Nor is this just the naivety of students. Huge infrastructure projects routinely overrun, according to research conducted by Bent Flyvbjerg, professor at Oxford university’s Saïd Business School. In 2014, he wrote: “Performance data for megaprojects speak their own language. Nine out of ten such projects have cost overruns.” Flyvbjerg adds that this has been true for decades in public and private sector projects alike.

But what of my daily to-do list? I cannot claim the projects are especially complex, and there is nobody to whom I am overpromising except myself. I have no excuse.

Nor did the students that Buehler studied. One might argue that their thesis seemed to them as unknown and complex as any megaproject. But when Buehler followed up by asking them to predict completion time for smaller academic and non-academic projects such as writing an essay or cleaning their apartment, the typical project took twice as long as forecast. We make the same mistake over and over again.

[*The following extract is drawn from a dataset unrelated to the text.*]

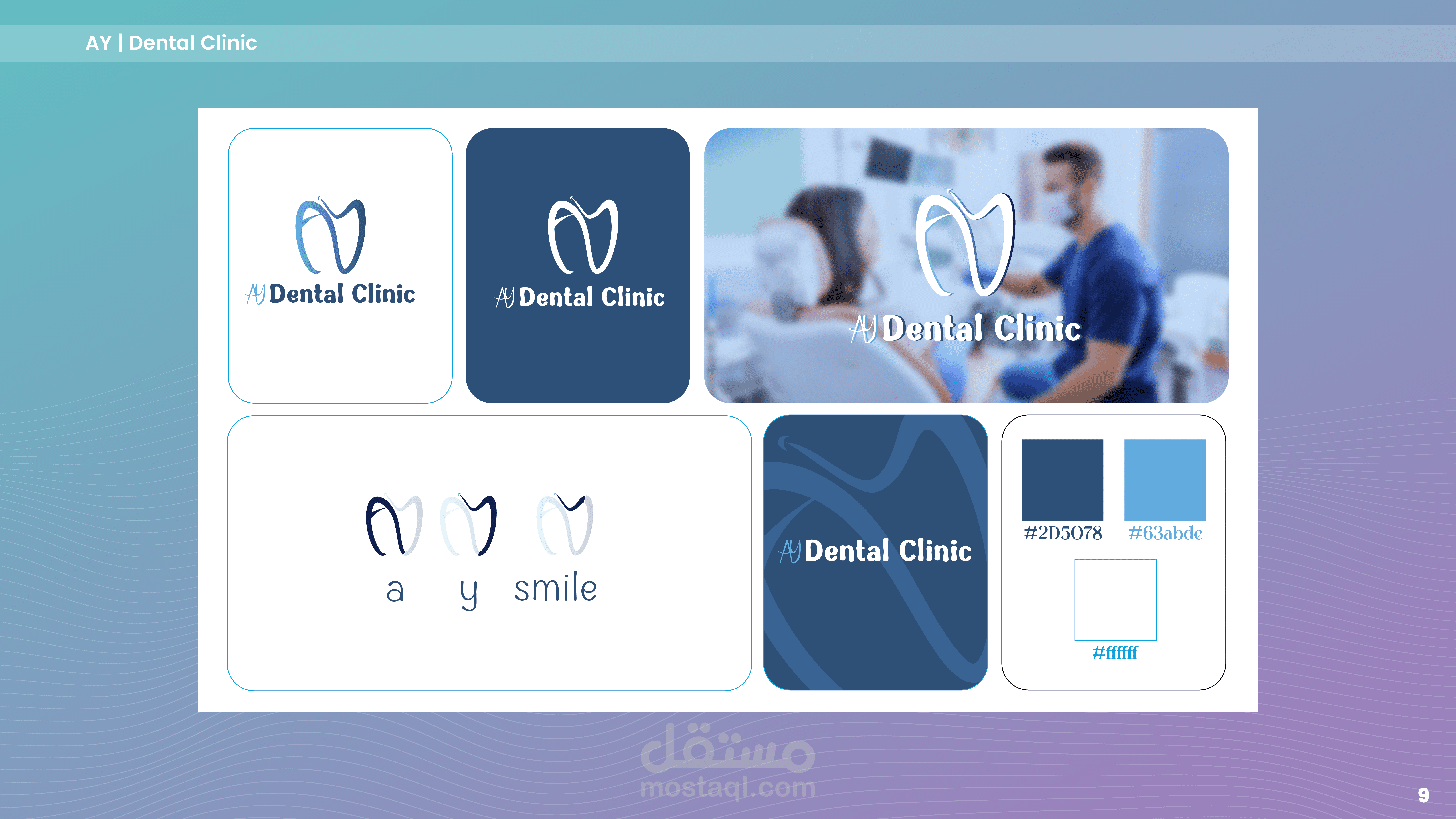 توليت مسؤولية تصميم هوية بصرية متكاملة لعيادة أسنان، بدءًا من تصميم الشعار الذي يجمع بين الحرفين "A" و "Y" مع رمز الأسنان. امتد المشروع ليشمل جميع عناصر العلامة التجارية لضمان تناسق بصري احترافي وموحد.

When trying to come up with a realistic prediction, Kahneman and Tversky advocate looking at the experience of similar projects instead. For an essay or bout of spring cleaning, that should be easy. It is not always possible. For each large, groundbreaking project, there is only so much that can be learnt from history — though we can certainly learn something.

But do we? Kahneman is fond of telling a story where he and a team of experts in decision-making, pondering an ambitious curriculum reform project, wisely looked at the record of similar efforts. That record suggested their own efforts would be fruitless and hugely time-consuming.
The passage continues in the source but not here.